Huérfanos de esta frontera, los cuatro países mencionados se aferraron a la oportunidad europea, anexándose formal o informalmente al imperio británico que la controlaba. Canadá, Australia y Nueva Zelanda ya eran esa parte del imperio que dio en llamarse el Commonwealth británico . La Argentina, sin pertenecer institucionalmente a él, se le sumó en los hechos.

La opción alberdiana era, por cierto, ideológicamente discutible. Atrás quedaría el sueño de una Argentina gaucha desafiante, intransigentemente fiel a su herencia hispanoamericana. Pero la realidad, dice el refrán, “tiene cara de hereje”. Según el descarnado realismo de Alberdi, sólo un tren salía de la estación del subdesarrollo. La opción no era subirse a otro tren supuestamente mejor, sino tomar el único que había o perderlo.

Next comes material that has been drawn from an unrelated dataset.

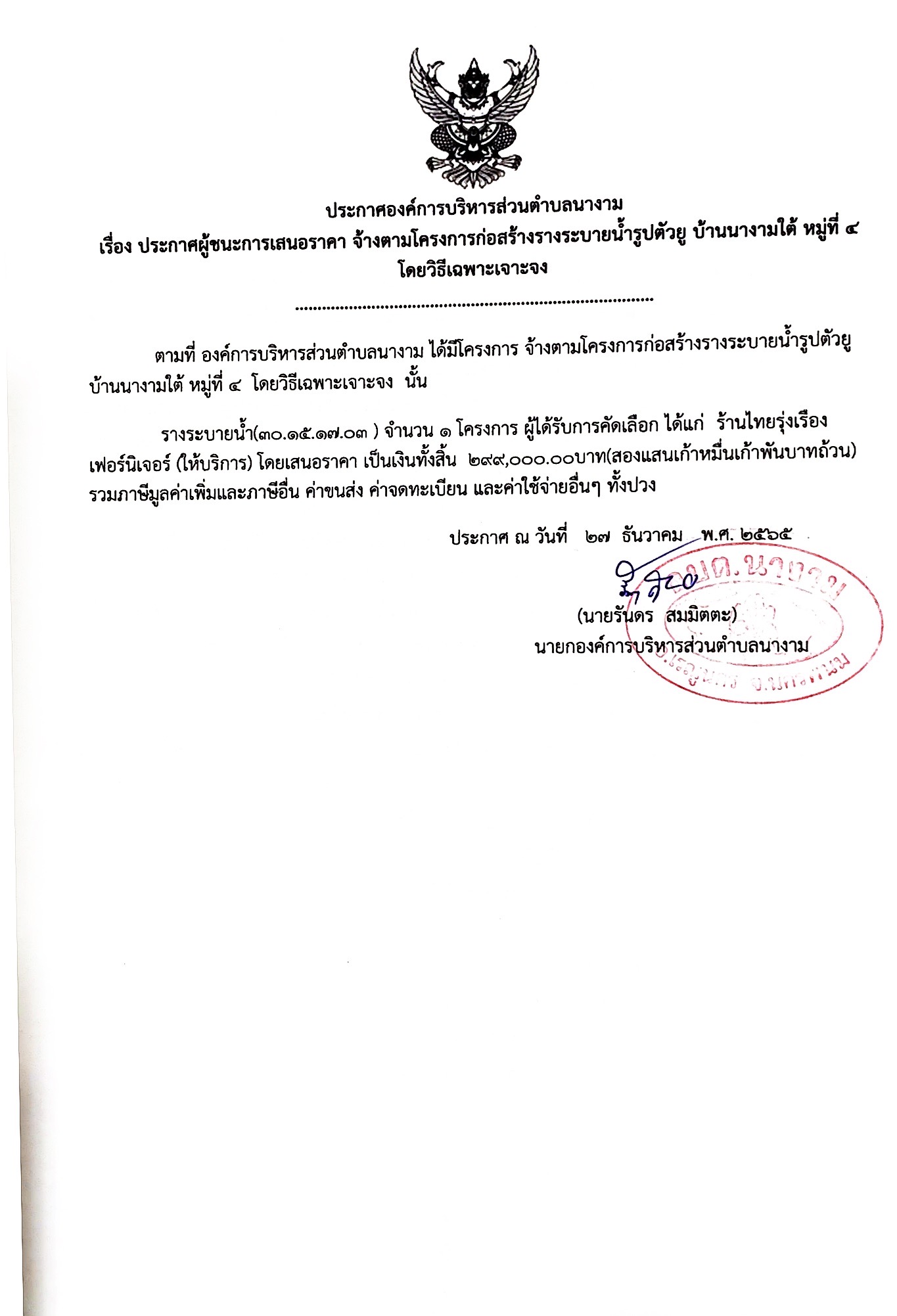 ประกาศผู้ชนะการเสนอราคา จ้างตามโครงการก่อสร้างรางระบายน้ำรูปตัวยู บ้านนางามใต้ หมู่ที่ 4 โดยวิธีเฉพาะเจาะจง

En el Facundo , Domingo Faustino Sarmiento admiró y denunció, al mismo tiempo, con inigualada elocuencia, a esa Argentina auténtica pero irrealizable que plasmaría su sublime canto de agonía en el Martín Fierro .

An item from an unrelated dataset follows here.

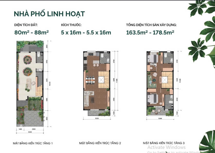 • Diện tích xây dựng : 163.5m2 – 178.5m2 – 236.9m2

Así nació no ya una fantasía escapista, sino un proyecto viable. Nuestro comercio sería inglés, nuestra cultura francesa, nuestro ejército alemán, nuestro pueblo español e italiano. Dejando que el gaucho quedara en el fondo de su alma como un fiscal insobornable, la Argentina sería Europa en América. Este proyecto, que inspiró la Constitución de 1853 diseñada por el propio Alberdi, se concretaría a partir de los grandes presidentes realizadores de la llamada Generación del Ochenta: Urquiza, Mitre, Sarmiento, Avellaneda y Roca.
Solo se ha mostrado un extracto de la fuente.